Ed Huntress wrote:
> "John R. Carroll" <***@machiningsolution.com> wrote in message
> news:prRzj.25094$***@newssvr14.news.prodigy.net...
>> Ed Huntress wrote:
>>> "John R. Carroll" <***@machiningsolution.com> wrote in message
>>> news:xrKzj.18980$***@newssvr25.news.prodigy.net...
>>>> Ed Huntress wrote:
>>>>> "strabo" <***@flashlight.net> wrote in message
>>>>> news:***@isp.n...
>>>>>> Ed Huntress wrote:
>>>>>>>
>>>>>>
>>>>>> "Eat shit and die, you stinking racist pig."
>>>>>>
>>>>>> Your words, your personal hell.
>>>>>>
>>>>>> One should have the grace to bear criticism of one's
>>>>>> beliefs.
>>>>>
>>>>> Who are you talking about, Strabo? Tim and the racist pigs who are
>>>>> joining him don't have much grace. On the other hand, degenerate
>>>>> racist pigs can't be expected to have very much of it.
>>>>>
>>>>> Racist degenerates and other social misfits usually aren't big on
>>>>> "social grace."
>>>>
>>>> Hey Ed,
>>>> When I awake in the morning, and I mean every single morning, I
>>>> pinch myself. Even before I pee.
>>>> In fact. I just pinched myself for good measure.

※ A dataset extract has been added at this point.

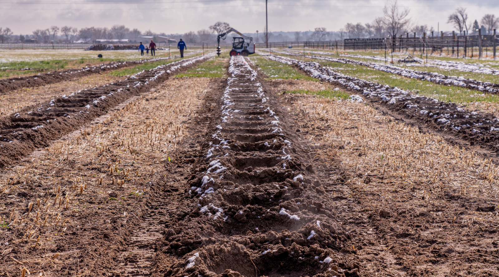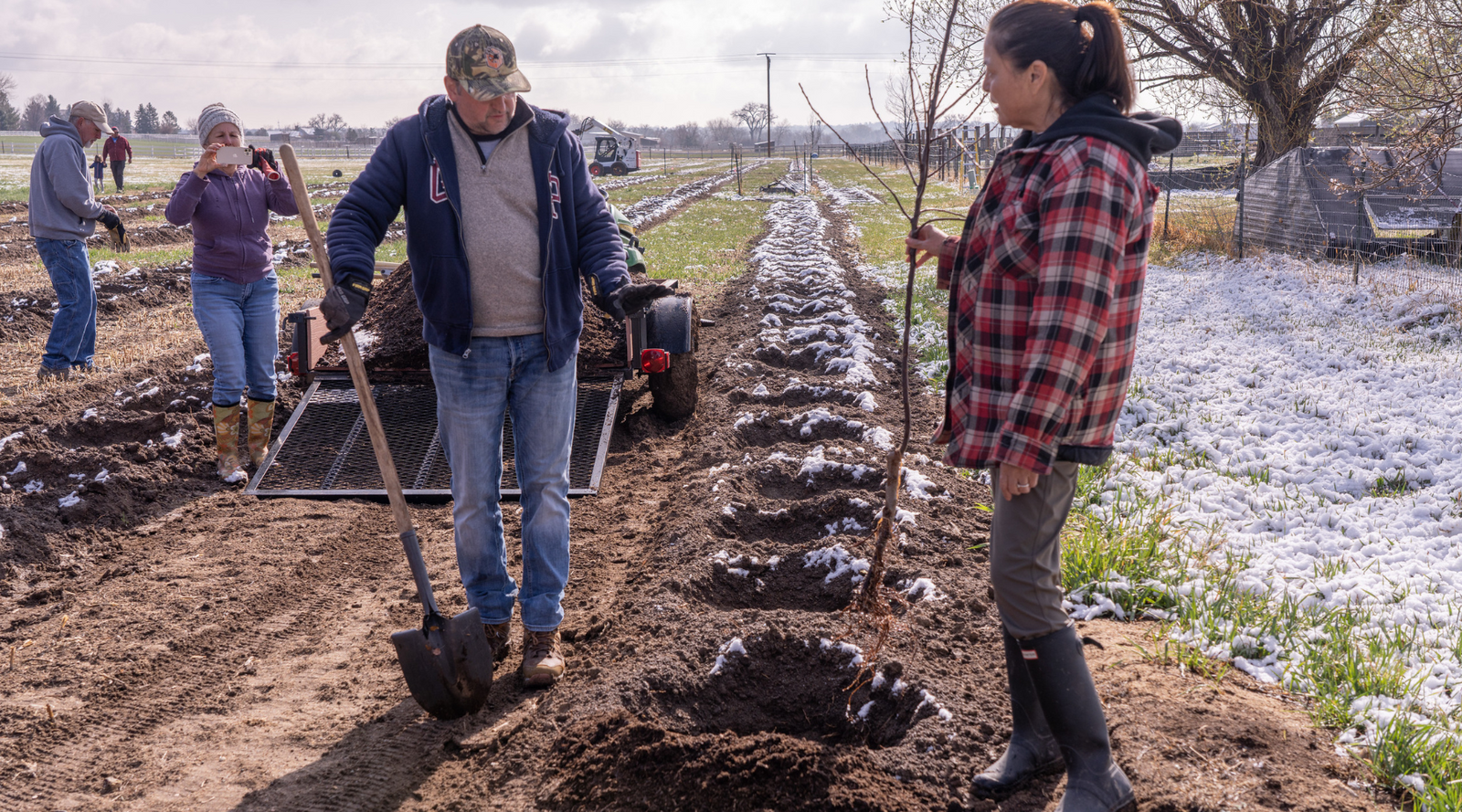 To put this plan in place, it took 18 months of field preparations and a big dose of support from our community. In 2022, Mariposa Farm was awarded a grant from the Sustainable Food and Agriculture Fund of Boulder County. This grant was used to establish the high-density apple orchard.

>>>> You should too, and given that, I'm at a loss to understand
>>>> something here.
>>>> Guess WTF that thing is.
>>>>
>>>> I've got to add that I just spent two hours witn one of America's
>>>> best political consultants and I had an excellent time 'splaining
>>>> why none of what's seen as "Important" really matters.
>>>>
>>>> Every one of these fuckers ( I actually said that ) is even asking
>>>> or answering the right question. The Great American Experiment
>>>> isn't going to have a Roman terminus, it is entirely Greek.
>>>
>>> Uh-oh. I'd better get out my decoding ring....d8-)
>>>
>>> My instincts tell me there's something really good in that message,
>>> but I'm on the wrong wavelength, John. I'd really like to have a
>>> sharper idea of what you mean.
>>>
>>> However, you just struck a chord with that issue of what's
>>> important. I've been reading Bill McKibben's book _Deep Economy_,
>>> and it's making me believe I had it right when I was about 20, and
>>> then I forgot everything important.
>>
>> Exactly so. You are on to something here Ed but it isn't a memory
>> problem that you face.
>> You see, when you were 20 you thought you had the big picture dialed
>> in. You
>> thought you knew something as a "given" and that something just
>> became a part of who and what you were as a man. This thing that you
>> came to appreciate at 20 and - did find remarkable - ended up being
>> something taken
>> for granted and not just by you but by an entire generation.
>>
>>
>>> McKibben's books are like a Chinese
>>> meal, but they're good while you're reading them. He grabs ahold of
>>> some pretty big ideas but he never seems to wrestle them to the
>>> ground.
>>>
>>> Anyway, if I'm not just reading into your message what I'm actually
>>> reading with my other hand, here's something that's important: don't
>>> ever stop fighting the bastards who suck the life out of people, and
>>> communities, and societies. Don't ever let them confuse silence with
>>> acquiescence.
>>>
>>> Now, something tells me you shared a defining moment with that
>>> political consultant. 'Care to elaborate?
>>
>>
>> LOL
>> Sure, I told him that being a good winner was important and that his
>> girl isn't.
>> I then handed him a card that I've carried with me every day for
>> the last seven years.
>> On one side, in great big letters, it says
>>
>> "Beauty is only skin deep/Ugly is to the bone".
>>
>> This is what it says on the other:
>>
>> " You see, this must be a terrible feeling. You make a decision
>> based on expediency, and it doesn't work. You are then left without
>> either expedience
>> or principle. With Nothing. This is sad. I never want to wake up the
>> day after an election or anything else with that emptiness in me.
>> Knowing that I
>> have given away the things that matter most for the sake of what I
>> thought I
>> would win and finding that I have lost and have nothing. I have not
>> said one
>> word or done one thing with the principles that I believe in and I
>> never will."
>>
>> "Knowing that, it doesn't matter how many times I lose because I'm
>> not losing anything. I will carry it home right with me to the
>> grave, till the moment when I look to see whether God approves and
>> in the end that is all that really matters."
>
> Ok, I think I get that. I'll go with the principle business in
> general. I just wish more people would think longer before deciding
> which principles are worth having.
I hate to write Ed. I really do.
The long version of what I was to lazy to post here will appear in the
Washington Post shortly and under my own name as a byline with one of their
regulars. It might not get through the editorial review process and if that
happens I'll post the piece here in it's entirety or maybe just send it
along privately. It's a little distressing.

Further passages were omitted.